Fight fear with facts

 

Fighting fear with facts can be a way to find the solution that is suited to your retirement needs. This is backed by the theory in behavioural finance, which is a field of study that provides insight into how emotional biases and cognitive errors may influence individuals’ perceptions and investment decisions. The theory challenges the assumptions that investors access all the relevant information when making investment decisions, and are making rational decisions based on those facts. It instead suggests that investors’ own biases influence their decisions and may therefore act irrationally.

 

The science behind behavioural finance applies at any time, but it is particularly evident during periods of market uncertainty and volatility, which lead to investors’ emotions interfering more with their rational decision-making.

 

The cost of de-risking

 

ASISA data for SA unit trust investment flows shows a consistent long-term pattern for investors moving to lower-risk funds including more cash-type assets, at the expense of higher-risk equity and high-equity funds, during periods of heightened uncertainty. When investors de-risk like this in an attempt to avoid losses, it is normally only after they have already incurred those drawdowns, consequently “locking in” the losses. The biggest subsequent challenge is then trying to determine when to switch back out of cash and into higher-risk funds. This ‘re-risking” typically happens only after the market has rebounded with good returns, which by definition means the investor has missed out on gains from the rebound – often among the best gains for the year.  As a result, switching out of growth assets or disinvesting when the markets are (already) down will negatively affect the long-term return potential of an investment portfolio.

 

Historical data shows that remaining consistently invested in growth assets means benefiting from the best days in the market, which ultimately will smooth out returns over time. Taking the patient approach is particularly necessary for retirement investing when there is a longer investment term (generally 30-40 years or more in a working career) for returns to smooth short-term market volatility over time.

 

Even at the point of retirement, the effects of de-risking can affect retirement outcomes.
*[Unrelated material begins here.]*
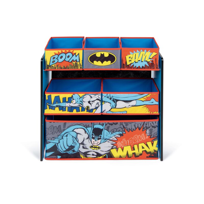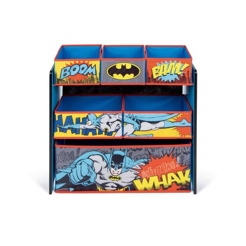 Fabricado con una resistente estructura de madera, este mueble garantiza durabilidad y estabilidad, mientras que los cestos de tela añaden un toque práctico y ligero, facilitando su manejo por los niños. Su diseño con los característicos colores negro y amarillo de Batman, junto con su icónico logotipo, hacen que este organizador se convierta en el complemento perfecto para habitaciones infantiles o salas de juegos temáticas.

Recent research by M&G Investments on the largest LISPs in SA revealed retirees commonly opt for a more conservative portfolio at retirement compared to their earlier investments by de-risking from balanced funds to less risky solutions. They structure their post-retirement portfolio for lower future expected returns, which significantly increases the probability of them experiencing a retirement shortfall. While this might not be harmful for the rare retiree with ample savings to meet all their needs over the expected 20-30 years of retirement, sadly, the vast majority of South Africans retire with a big gap in their savings and can ill-afford to assume less risk once in retirement.

 

De-risking reduces potential returns over time

 

To quantify the impact of de-risking, we analysed the historic returns since inception of pre- and post- retirement books (in other words the underlying investments according to ASISA categories of retirement annuities [RAs] and living annuities [LAs]) of a few of South Africa’s largest LISPs.

 

In RAs, just over half (approximately 54%) of the investments were in multi-asset high-equity portfolios, but at the point of retirement, the allocation to these balanced funds in LAs effectively halves to only around 27%, moving to lower-risk categories such as multi-asset medium- and low-equity funds. Based on this data, our calculation revealed a total expected real return for the pre-retirement RA book of approximately 4.85% p.a. versus 4.05% p.a. for the LA book, which is a 0.8% p.a. difference in returns. This means that investors de-risk their portfolios at retirement at the cost of foregoing some 0.8% p.a. in investment returns. On face value, 0.8% p.a. may not sound like much, but when it is compounded over time, the effect over the long term is highly detrimental: over time retirees will deplete their retirement capital around 28 months earlier than the scenario where they did not de-risk. So, retirees who are worried about outliving their retirement savings shouldn’t be afraid to keep a reasonable allocation to equities in their portfolios, such as that of a balanced fund, at up to 75%.

 

Make sure your manager adds alpha

 

Alpha (above-market returns), or the lack thereof, will naturally have a substantial impact on the retirement outcomes investors are able to enjoy, so the performance of your portfolio manager is important. Looking at an investment of R1 million into the M&G Balanced Fund 20 years ago, an investor would now have R11,102,274, which is a return of more than 7% p.a. (after fees) above inflation.

 

For the M&G Inflation Plus Fund, the same R1 million would now be worth R7,234,049, a return of more than 5% p.a. (after fees) above inflation. In addition, these returns were produced with less volatility than an SA equity portfolio (using the JSE All Share Index as a proxy).

 

While nobody can control the markets, try to focus on what is within your control, such as fund selection and asset allocation. Targeting inflation-beating returns at lower levels of volatility can help you improve your possible retirement outcomes.

 

An investment case for SA equity

 

South Africa is faced with many political and economic challenges and investors may be seeking seemingly “safer” offshore equity options over their local equivalents. However, it’s important to note that the majority of earnings on the JSE are sourced from outside of South Africa, and for this reason, SA equities may provide return prospects not dependent on local economic conditions.

 

Also, in our view, now is a good time to invest in SA equities. Based on the comparative valuations of global and SA equities, local equities are still offering better prospective returns over the next three to five years for the risks involved, and most of the risks have already been fully priced in. The latter is not true of US equities, in our view. This means that our multi-asset portfolios like the M&G Balanced and Inflation Plus Funds are overweight South African equities, while we are neutral in global equities, although select global equities are also attractive. These offshore assets also play critical roles as diversifiers in our portfolios.

 

Local assets remain cheap on both a relative and historic basis, offering excellent potential returns for patient investors. At the same time, growth prospects are gradually improving given the approach of the end of the long interest rate hiking cycle and declining inflation. Investors who have been favouring cash in the past two years would do well to consider moving into diversified funds that have stronger prospects of earning higher returns as the environment evolves. Investors continue to benefit from solid, inflation-beating returns from all M&G funds, and in our view, they remain well-positioned to take advantage of improving market sentiment.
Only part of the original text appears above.